Now that we have an expression to optimize we need a method to find the optimal parameters. Typically, one computes the gradient and the optimal value corresponds to the value  of the parameters when the gradient vanishes. Unfortunately, for logistic regression there is __no closed form solution__ so we seek a numerical method to find the optimal parameters.

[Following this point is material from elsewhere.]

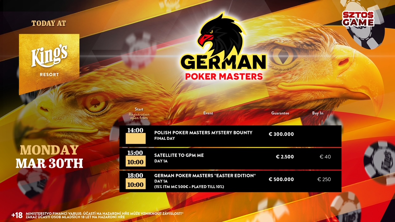 Beim Polish Poker Masters Festival powered by SZTOS.Game gab es gestern King’s Resort in Rozvadov das High Roller. Im King’s Casino Prag wurde das Sunday Knockout gespielt.
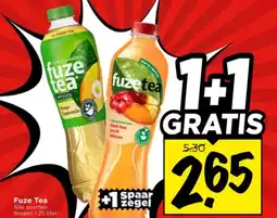 | 7 | Fuze Tea 1.25 liter 1+1 GRATIS | Vomar Voordeelmarkt | € 5,00 | € 2,65 | 1+1 GRATIS | 19 februari 2026 | 21 februari 2026 | Bekijk aanbieding | |

Our goal is to find the **optimal** values for _W_ and _b_. To do so we give them some _arbitrary_ values and then using the expression for $E$
In the figure below we show an arbitrary function _E(w)_. For a given value of _w_ we compute the derivative (slope) of _E_ with respect to _w_ (two different values are shown). The point on the left side has a negative slope so we need to **increase** the value of _w_ to move toward the minimum whereas the point on the right side the slope is positive so we have to **decrease** the value of _w_. 

In general we "update" the values of _w_ and _b_ as follows

$$
\begin{align*}
  w=w-\alpha\cdot \frac{\partial E}{\partial w}\\
  b=b-\alpha\cdot \frac{\partial E}{\partial b}
\end{align*}
$$

where $\alpha$ is a parameter chosen by us, called the __learning rate__.

### Flatening the images
The images have dimensions (3,32,32) (3 channels, 32 height,32 width). To feed them to our "neuron" we need to create a vector of dimension 3x32x32

In [30]:
dim=3*32*32
train_samples=50000
test_samples=10000
img_train=img_train.reshape(train_samples,dim)
img_test=img_test.reshape(test_samples,dim)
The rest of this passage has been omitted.